Vector Search in LanceDB

Vector search is a technique used to search for similar items based on their vector representations, called embeddings. It is also known as similarity search, nearest neighbor search, or approximate nearest neighbor search.

Raw data (e.g. text, images, audio, etc.) is converted into embeddings via an embedding model, which are then stored in a vector database like LanceDB. To perform similarity search at scale, an index is created on the stored embeddings, which can then used to perform fast lookups.

Supported Distance Metrics

Distance metrics determine how LanceDB compares vectors to find similar matches. Euclidean or l2 is the default, and used for general-purpose similarity, cosine for unnormalized embeddings, dot for normalized embeddings (best performance), or hamming for binary vectors.

Important: Use the same distance metric that your embedding model was trained with. Most modern embedding models use cosine similarity, so cosine is often the best choice. However, if your vectors are normalized, you should use dot for best performance.

The right metric improves both search accuracy and query performance. Currently, LanceDB supports the following metrics:

Metric Description Default
l2 Euclidean distance - measures the straight-line distance between two points in vector space. Calculated as the square root of the sum of squared differences between corresponding vector components.
cosine Cosine similarity - measures the cosine of the angle between two vectors, ranging from -1 to 1. Computed as the dot product divided by the product of vector magnitudes. Use for unnormalized vectors. x
dot Dot product - calculates the sum of products of corresponding vector components. Provides raw similarity scores without normalization, sensitive to vector magnitudes. Use for normalized vectors for best performance. x
hamming Hamming distance - counts the number of positions where corresponding bits differ between binary vectors. Only applicable to binary vectors stored as packed uint8 arrays. x

Configure Distance Metric

By default, l2 will be used as metric type. You can specify the metric type as cosine or dot if required.

Note: You can configure the distance metric during search only if there’s no vector index. If a vector index exists, the distance metric will always be the one you specified when creating the index.

python
tbl.search(np.random.random((1536))).distance_type("cosine").limit(10).to_list()
typescript
const results2 = await (
  tbl.search(Array(128).fill(1.2)) as lancedb.VectorQuery
)
  .distanceType("cosine")
  .limit(10)
  .toArray();

Here you can see the same search but using cosine similarity instead of l2 distance. The result focuses on vector direction rather than absolute distance, which works better for normalized embeddings.

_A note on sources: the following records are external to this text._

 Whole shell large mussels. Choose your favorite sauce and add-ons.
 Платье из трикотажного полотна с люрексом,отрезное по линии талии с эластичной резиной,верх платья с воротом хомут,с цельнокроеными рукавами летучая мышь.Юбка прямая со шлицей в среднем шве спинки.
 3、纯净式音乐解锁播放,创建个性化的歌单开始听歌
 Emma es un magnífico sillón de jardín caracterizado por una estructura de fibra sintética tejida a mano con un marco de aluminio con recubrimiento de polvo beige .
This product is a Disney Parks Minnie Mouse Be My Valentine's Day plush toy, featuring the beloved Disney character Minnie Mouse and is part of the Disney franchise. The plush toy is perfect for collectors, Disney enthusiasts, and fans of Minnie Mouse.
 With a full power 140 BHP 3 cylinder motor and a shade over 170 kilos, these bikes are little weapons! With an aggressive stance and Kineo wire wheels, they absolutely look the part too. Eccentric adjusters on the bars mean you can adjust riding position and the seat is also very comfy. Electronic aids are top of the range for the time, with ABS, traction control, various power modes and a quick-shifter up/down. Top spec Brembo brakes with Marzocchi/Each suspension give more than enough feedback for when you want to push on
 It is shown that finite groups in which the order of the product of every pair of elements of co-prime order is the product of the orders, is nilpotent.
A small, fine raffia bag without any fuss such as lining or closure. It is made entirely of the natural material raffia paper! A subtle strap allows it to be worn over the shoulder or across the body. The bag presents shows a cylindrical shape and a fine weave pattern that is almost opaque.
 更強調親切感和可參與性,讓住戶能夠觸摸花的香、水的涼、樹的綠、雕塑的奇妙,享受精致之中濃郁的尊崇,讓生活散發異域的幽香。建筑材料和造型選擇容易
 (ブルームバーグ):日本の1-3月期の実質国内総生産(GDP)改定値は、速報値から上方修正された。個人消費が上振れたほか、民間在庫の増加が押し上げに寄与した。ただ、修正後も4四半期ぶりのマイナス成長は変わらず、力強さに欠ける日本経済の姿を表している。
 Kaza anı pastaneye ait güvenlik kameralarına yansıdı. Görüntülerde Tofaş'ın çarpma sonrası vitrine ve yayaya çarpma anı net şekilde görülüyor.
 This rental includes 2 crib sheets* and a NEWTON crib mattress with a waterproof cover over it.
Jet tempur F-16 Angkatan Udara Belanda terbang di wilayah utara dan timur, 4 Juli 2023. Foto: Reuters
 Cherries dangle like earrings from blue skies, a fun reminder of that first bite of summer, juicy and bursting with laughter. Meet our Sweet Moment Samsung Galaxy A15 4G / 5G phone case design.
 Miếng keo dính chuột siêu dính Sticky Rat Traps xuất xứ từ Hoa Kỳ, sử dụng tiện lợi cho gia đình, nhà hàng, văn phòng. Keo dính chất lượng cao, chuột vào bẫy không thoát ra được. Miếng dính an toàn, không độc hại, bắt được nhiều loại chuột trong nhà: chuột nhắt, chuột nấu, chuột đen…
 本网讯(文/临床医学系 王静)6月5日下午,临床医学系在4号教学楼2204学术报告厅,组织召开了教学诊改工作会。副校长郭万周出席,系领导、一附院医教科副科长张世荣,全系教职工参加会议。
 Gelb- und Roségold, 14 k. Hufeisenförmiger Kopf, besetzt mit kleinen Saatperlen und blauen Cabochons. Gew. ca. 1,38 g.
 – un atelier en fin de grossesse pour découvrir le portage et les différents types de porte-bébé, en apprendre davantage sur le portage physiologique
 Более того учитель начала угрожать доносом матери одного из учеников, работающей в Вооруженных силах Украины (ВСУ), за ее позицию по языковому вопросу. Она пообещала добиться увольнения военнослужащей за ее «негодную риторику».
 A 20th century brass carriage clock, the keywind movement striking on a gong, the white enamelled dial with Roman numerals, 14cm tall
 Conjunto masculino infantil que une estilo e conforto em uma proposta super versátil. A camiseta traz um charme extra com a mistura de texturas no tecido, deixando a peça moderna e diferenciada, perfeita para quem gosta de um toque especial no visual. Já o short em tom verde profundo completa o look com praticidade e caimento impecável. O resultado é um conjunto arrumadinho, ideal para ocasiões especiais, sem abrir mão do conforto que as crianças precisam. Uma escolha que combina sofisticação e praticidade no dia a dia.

Vector Search With ANN Index

Instead of performing an exhaustive search on the entire database for each and every query, approximate nearest neighbour (ANN) algorithms use an index to narrow down the search space, which significantly reduces query latency.

The trade-off is that the results are not guaranteed to be the true nearest neighbors of the query, but are usually “good enough” for most use cases.

Use ANN search for large-scale applications where speed matters more than perfect recall. LanceDB uses approximate nearest neighbor algorithms to deliver fast results without examining every vector in your dataset.

Vector Search with Prefiltering

This is the default vector search setting. You can use prefiltering to boost query performance by reducing the search space before vector calculations begin. The system first applies your filter criteria to the dataset, then conducts vector search operations only on the remaining relevant subset.

python
import lancedb
from datasets import load_dataset

# Connect to LanceDB
db = lancedb.connect(
  uri="db://your-project-slug",
  api_key="your-api-key",
  region="us-east-1"
)

# Load query vector from dataset
query_dataset = load_dataset("sunhaozhepy/ag_news_sbert_keywords_embeddings", split="test[5000:5001]")
print(f"Query keywords: {query_dataset[0]['keywords']}")
query_embed = query_dataset["keywords_embeddings"][0]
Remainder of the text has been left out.